Всё это пронеслось в сознании Карлаена, пока он наблюдал за вступившим в бой флотом Кровавых Ангелов. Сражение было образчиком ярких цветов и разгульной ярости даже в холодной, лишенной воздуха пустоте космоса, и пока он обдумывал это, то почувствовал, как в нем что-то всколыхнулось — что-то сродни настойчивому, красному гулу глубоко под поверхностью его мыслей. Оно было с ним со дня его Сангвинации, но знакомство не породило привязанности. Его отражение уставилось на него изнутри слегка мерцающей поверхности визио-порта. Избитое лицо, грубое и квадратное, лишенное всего, кроме черт его прежней внешности — кислотные шрамы ямками покрывали его щеки и челюсть, волосы были седеющей золотой щетиной, упорно цеплявшейся за кожу головы, а нос разбивали и восстанавливали уже не один раз. Бионический глаз занимал место уничтоженной глазницы, и магна-линза протезированного ока жужжала своей жизнью, пока он рассматривал свое отражение, выискивая какое-то мелочное несовершенство, которое не мог назвать.
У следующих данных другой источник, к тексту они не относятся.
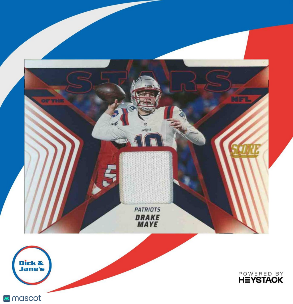 This limited edition 2025 Score Drake Maye Stars of the NFL trading card features a jersey relic from the rising star quarterback of the New England Patriots. Own a piece of history with this exclusive memorabilia card showcasing Maye's talents on the field. Add it to your collection today! #NFL #TradingCard #NewEnglandPatriots Listed With Mascot.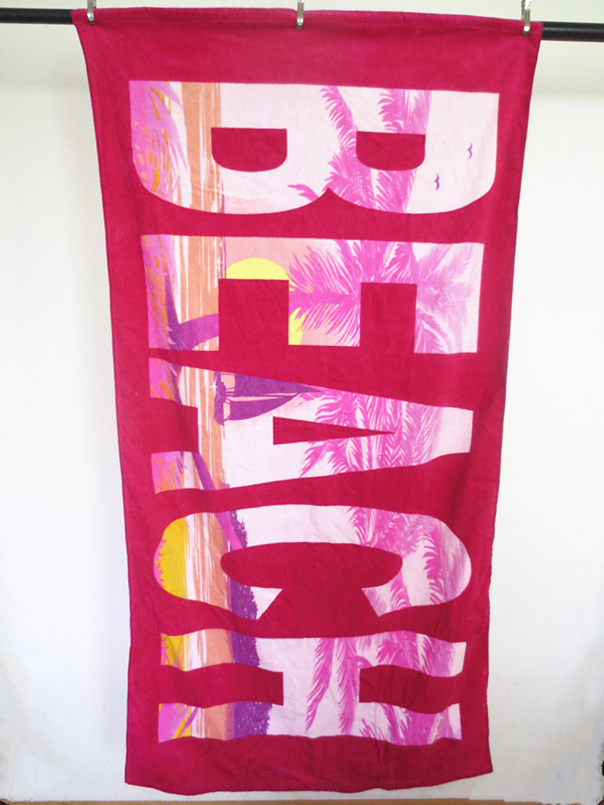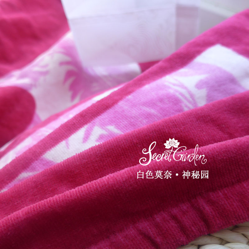【包含】一件浴巾【質地】純棉 色織而非印花【色調】玫紅色調色如圖【尺寸】中號:90*160cm(請允許些微測量誤差)【工藝】毛圈加割絨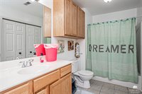 bathroom and plenty of closet. Three additional bedrooms provide flexibility for family, guests, or even a home office. With three full bathrooms, there’s never a wait during busy mornings! Step outside to enjoy your privacy-fenced backyard — ideal for kids,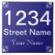 Faites votre propre numéro de maison. Ajoutez votre rue, et nom ou raison sociale. Style espagnol de tuile. Blanc sur le bleu.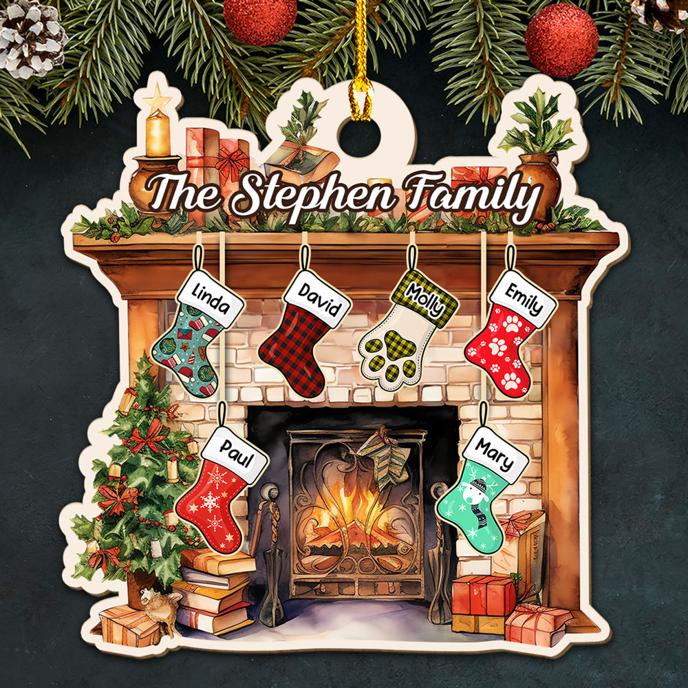 Stocking Christmas Family - Personalized Custom Wood Ornament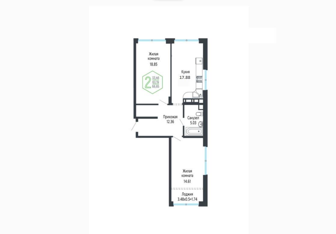 Продается 2-х комн. новостройка, 68 кв.м., 7/21 эт

Он был облачен — это были его право и честь, как командира первой роты — в благословенную терминаторскую броню. Это был самый прочный и самый мощный вид персонального доспеха, когда-либо разработанный Империумом Человечества: тяжелый кроваво-красный панцирь из скрепленных керамитовых пластин, гравированый позолотой и латунью, усиленный деталями из пластали и адамантия, и всё это приводилось в действие толстыми пучками электрических волокон и внутренних суспензорных пластин.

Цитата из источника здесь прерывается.